→ **WHAT THIS TASK INVOLVES**: Reproduce exactly the span of lines beginning at the one with "alliage anthracite poli" and ending at the last line of the data below, omitting pictures.

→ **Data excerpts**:

┏━━

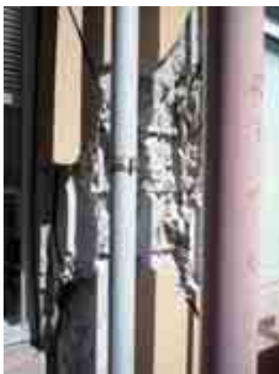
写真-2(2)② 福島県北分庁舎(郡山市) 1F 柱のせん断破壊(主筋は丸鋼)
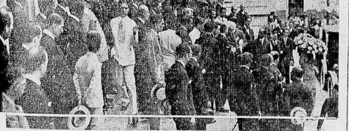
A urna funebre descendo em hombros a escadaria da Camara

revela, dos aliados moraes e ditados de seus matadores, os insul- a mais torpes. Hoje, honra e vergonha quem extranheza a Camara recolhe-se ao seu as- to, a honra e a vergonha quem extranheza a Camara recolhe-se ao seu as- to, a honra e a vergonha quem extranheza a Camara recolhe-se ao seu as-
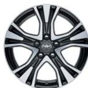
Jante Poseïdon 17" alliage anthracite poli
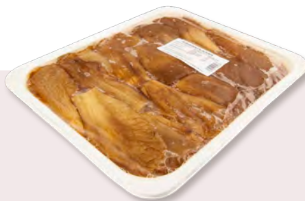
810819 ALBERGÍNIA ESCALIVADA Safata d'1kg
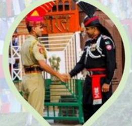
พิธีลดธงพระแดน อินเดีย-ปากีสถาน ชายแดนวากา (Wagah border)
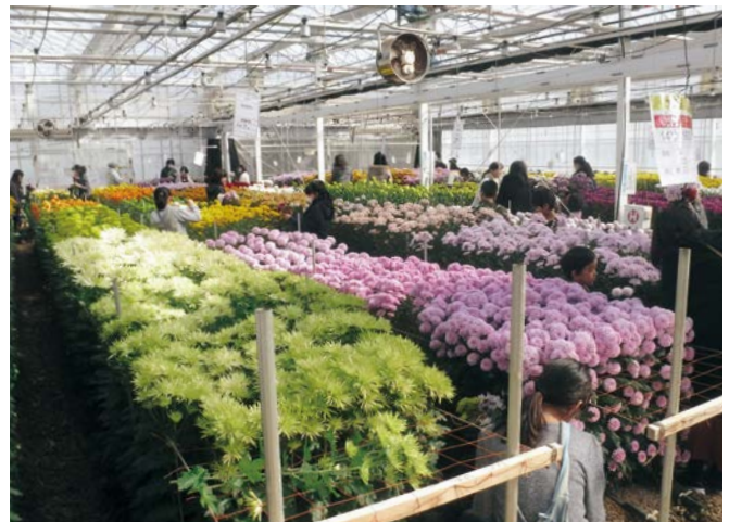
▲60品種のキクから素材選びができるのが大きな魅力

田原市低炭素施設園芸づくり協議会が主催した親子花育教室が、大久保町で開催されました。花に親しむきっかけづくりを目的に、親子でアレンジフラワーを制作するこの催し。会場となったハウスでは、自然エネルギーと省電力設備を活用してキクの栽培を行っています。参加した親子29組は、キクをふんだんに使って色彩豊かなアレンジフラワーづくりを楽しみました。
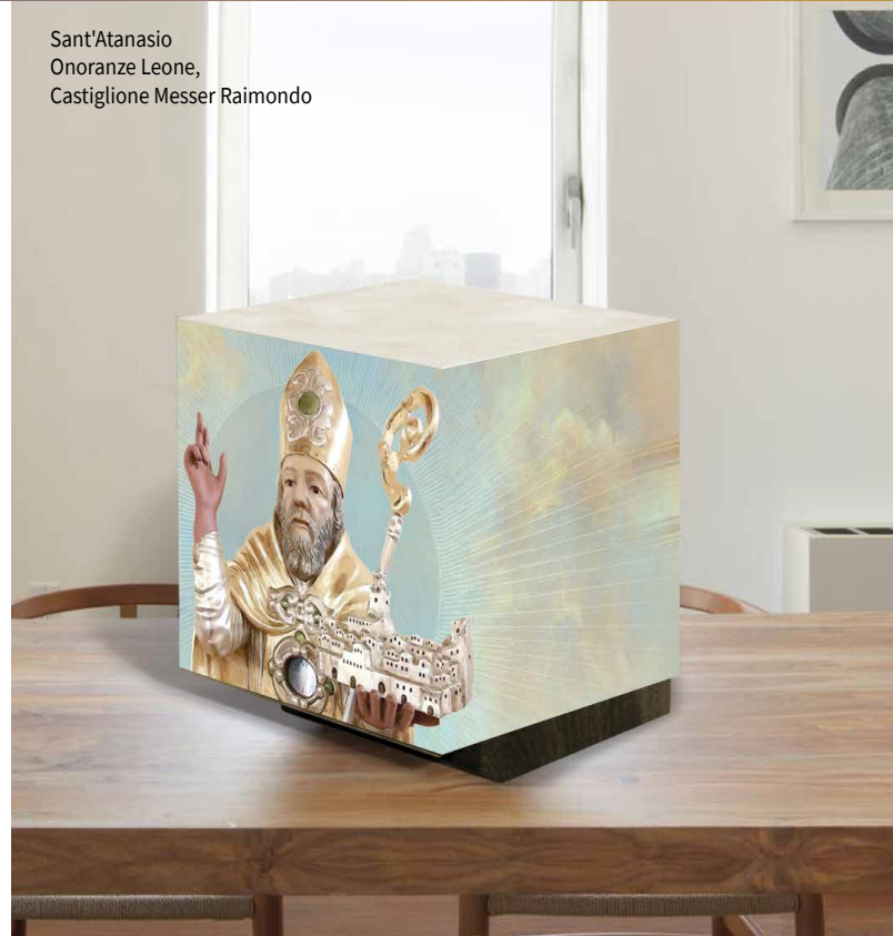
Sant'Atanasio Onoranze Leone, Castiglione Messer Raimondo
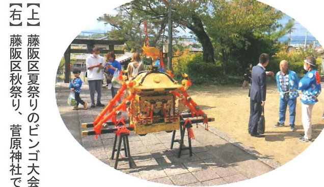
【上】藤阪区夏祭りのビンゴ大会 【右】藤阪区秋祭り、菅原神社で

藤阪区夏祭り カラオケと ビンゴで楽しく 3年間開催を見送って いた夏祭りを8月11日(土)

┗━━

→ **OUTPUT FOR THIS EXERCISE**:
Jante Poseïdon 17" alliage anthracite poli
810819 ALBERGÍNIA ESCALIVADA Safata d'1kg
พิธีลดธงพระแดน อินเดีย-ปากีสถาน ชายแดนวากา (Wagah border)
▲60品種のキクから素材選びができるのが大きな魅力

田原市低炭素施設園芸づくり協議会が主催した親子花育教室が、大久保町で開催されました。花に親しむきっかけづくりを目的に、親子でアレンジフラワーを制作するこの催し。会場となったハウスでは、自然エネルギーと省電力設備を活用してキクの栽培を行っています。参加した親子29組は、キクをふんだんに使って色彩豊かなアレンジフラワーづくりを楽しみました。
Sant'Atanasio Onoranze Leone, Castiglione Messer Raimondo
【上】藤阪区夏祭りのビンゴ大会 【右】藤阪区秋祭り、菅原神社で

藤阪区夏祭り カラオケと ビンゴで楽しく 3年間開催を見送って いた夏祭りを8月11日(土)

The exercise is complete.